> [What needs to be done]:
After the line containing "21日,2019年廣州市擁堵", copy nothing more; up to and including it, copy every line of the listing exactly from the first, leaving out the pictures.

> [Information shown]:
• • • • •

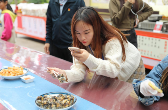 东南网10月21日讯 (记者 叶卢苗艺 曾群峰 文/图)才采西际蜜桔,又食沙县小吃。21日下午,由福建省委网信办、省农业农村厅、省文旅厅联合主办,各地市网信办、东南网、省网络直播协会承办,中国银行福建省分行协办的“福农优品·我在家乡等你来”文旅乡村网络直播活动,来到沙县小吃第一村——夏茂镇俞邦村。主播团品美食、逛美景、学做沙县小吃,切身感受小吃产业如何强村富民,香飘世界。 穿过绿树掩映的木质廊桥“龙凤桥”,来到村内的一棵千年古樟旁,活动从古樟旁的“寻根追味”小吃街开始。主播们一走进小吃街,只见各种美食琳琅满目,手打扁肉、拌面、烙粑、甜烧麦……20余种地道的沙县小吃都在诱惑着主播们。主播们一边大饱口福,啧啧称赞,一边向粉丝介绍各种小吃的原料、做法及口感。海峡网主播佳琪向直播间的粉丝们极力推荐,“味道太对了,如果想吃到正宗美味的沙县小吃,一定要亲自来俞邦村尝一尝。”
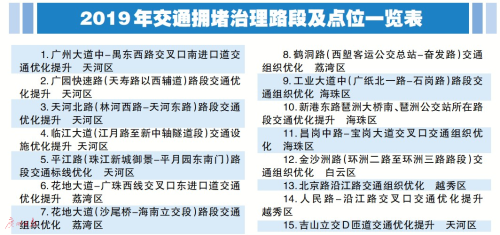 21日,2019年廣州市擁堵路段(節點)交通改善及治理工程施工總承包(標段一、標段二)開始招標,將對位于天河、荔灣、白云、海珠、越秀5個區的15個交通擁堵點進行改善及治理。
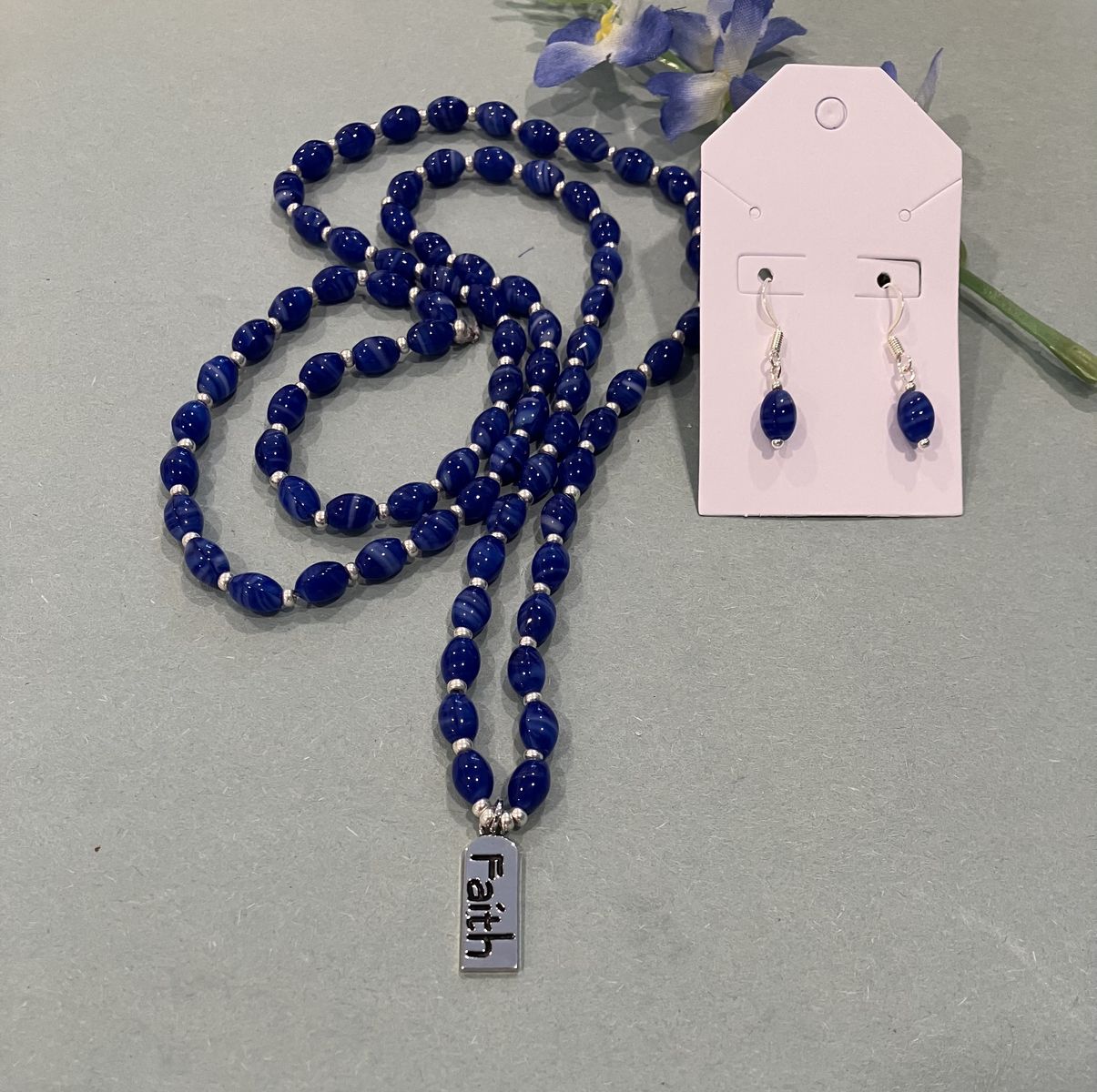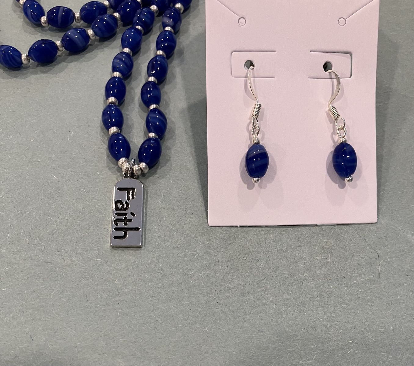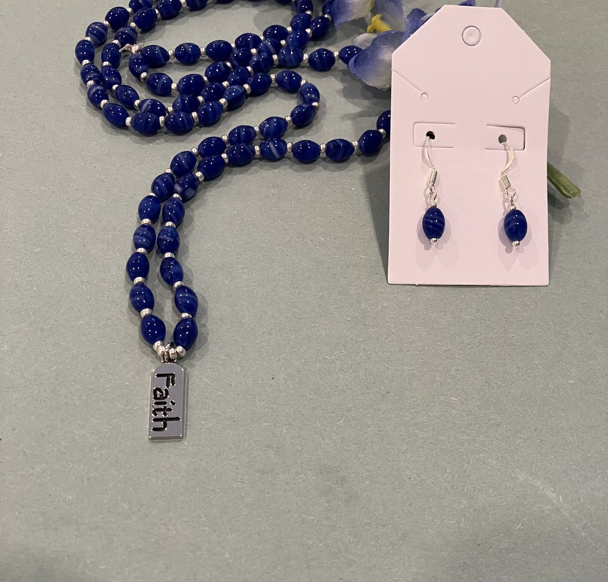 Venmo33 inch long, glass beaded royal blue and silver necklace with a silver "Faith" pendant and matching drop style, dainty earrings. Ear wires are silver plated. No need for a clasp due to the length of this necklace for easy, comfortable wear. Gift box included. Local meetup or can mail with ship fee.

• • • • •

> [Exercise solution]:
 东南网10月21日讯 (记者 叶卢苗艺 曾群峰 文/图)才采西际蜜桔,又食沙县小吃。21日下午,由福建省委网信办、省农业农村厅、省文旅厅联合主办,各地市网信办、东南网、省网络直播协会承办,中国银行福建省分行协办的“福农优品·我在家乡等你来”文旅乡村网络直播活动,来到沙县小吃第一村——夏茂镇俞邦村。主播团品美食、逛美景、学做沙县小吃,切身感受小吃产业如何强村富民,香飘世界。 穿过绿树掩映的木质廊桥“龙凤桥”,来到村内的一棵千年古樟旁,活动从古樟旁的“寻根追味”小吃街开始。主播们一走进小吃街,只见各种美食琳琅满目,手打扁肉、拌面、烙粑、甜烧麦……20余种地道的沙县小吃都在诱惑着主播们。主播们一边大饱口福,啧啧称赞,一边向粉丝介绍各种小吃的原料、做法及口感。海峡网主播佳琪向直播间的粉丝们极力推荐,“味道太对了,如果想吃到正宗美味的沙县小吃,一定要亲自来俞邦村尝一尝。”
 21日,2019年廣州市擁堵路段(節點)交通改善及治理工程施工總承包(標段一、標段二)開始招標,將對位于天河、荔灣、白云、海珠、越秀5個區的15個交通擁堵點進行改善及治理。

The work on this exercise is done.